Work to be completed
Write out exactly the lines between the line containing "All components are" and the end of the records, counting both ends, and leave out all pictures.

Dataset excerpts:
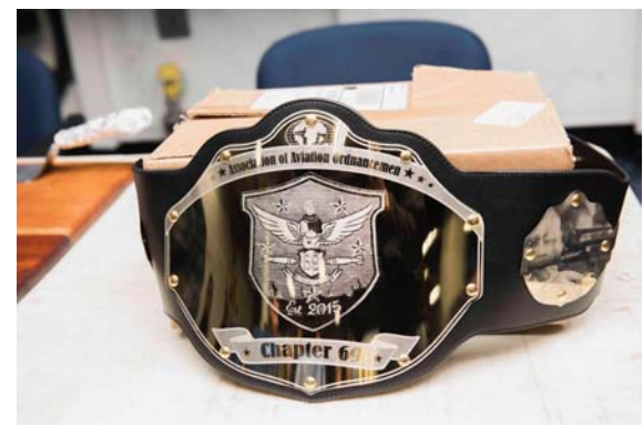
AOA-69 Captain's Cup event Champion's Belt.
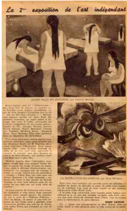
Figure 2: La 2 e Exposition de l'Art Indépendant (detail), exhibition review by Marie Cavadia.
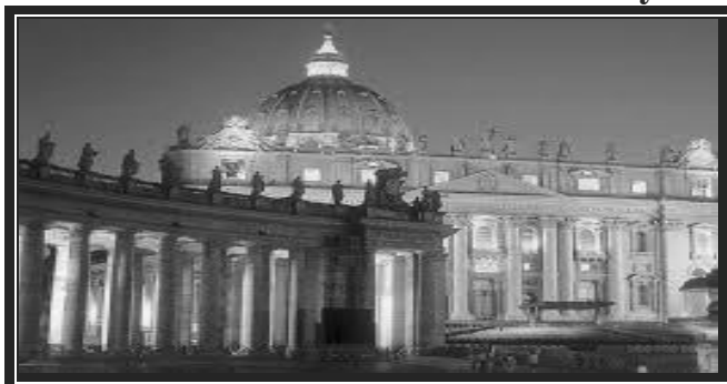
All Are Welcome to Join Us!
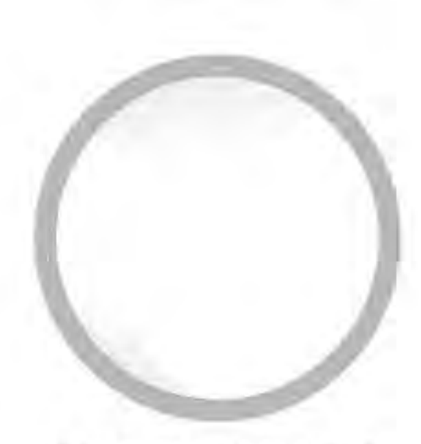
C PO1 WHI XS
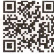
How to String a Yo-Yo

Yo-yos with bearings or a loose axle will spin and won't wind if you just try to wrap the string around the yo-yo freely. Use your thumb to pin down the string against the side of the yo-yo when you begin winding. After a few winds around, you can release your thumb and finish winding the string.
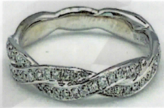
IMAGE NOT ACTUAL SIZE & HAS BEEN ENHANCED FOR VISUAL EFFECTS.

Retail Replacement Estimate $ 2,800.00 USD $ 0.6749 Aud Gold $ 3,512.22
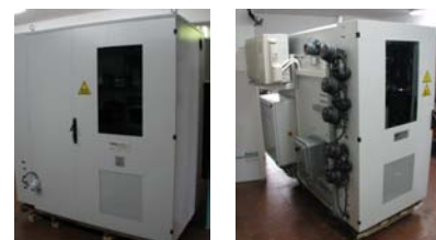
SG12WMTAC Cabinet Example

All components are pre-mounted and tested in factory. All components in contact with gas are in stainless steel series, teflon, zinc and neoprene.
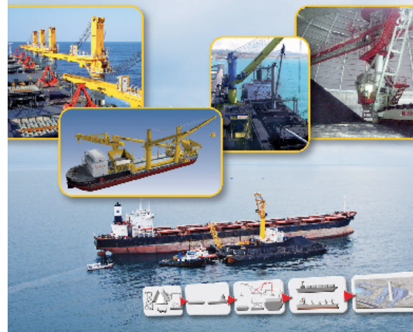
Title cover: Bulk Logistic Landmark
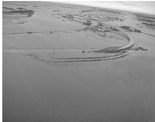
LA 1 and Leeville after a minimal Tropical Storm
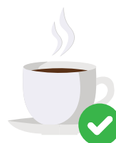
Coffee/tea (no milk)
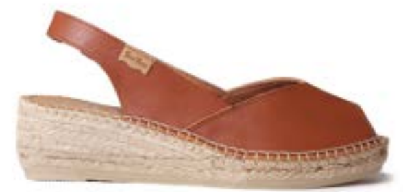
BERNIA-P NOUGAT $160
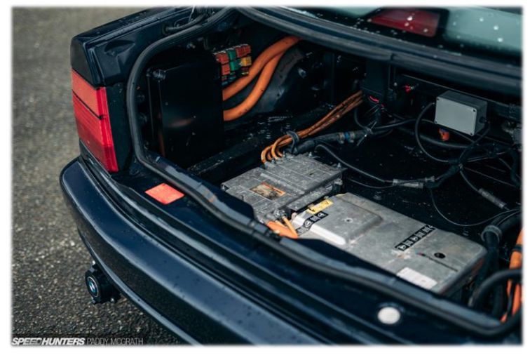
Besides, since when is removing nearly 200kg (441lb) and adding over 100hp and nearly 80lb-ft of torque a bad thing anyway?
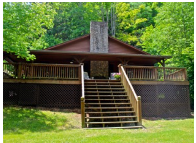
The Hideaway Cabin

Solution
All components are pre-mounted and tested in factory. All components in contact with gas are in stainless steel series, teflon, zinc and neoprene.
Title cover: Bulk Logistic Landmark
LA 1 and Leeville after a minimal Tropical Storm
Coffee/tea (no milk)
BERNIA-P NOUGAT $160
Besides, since when is removing nearly 200kg (441lb) and adding over 100hp and nearly 80lb-ft of torque a bad thing anyway?
The Hideaway Cabin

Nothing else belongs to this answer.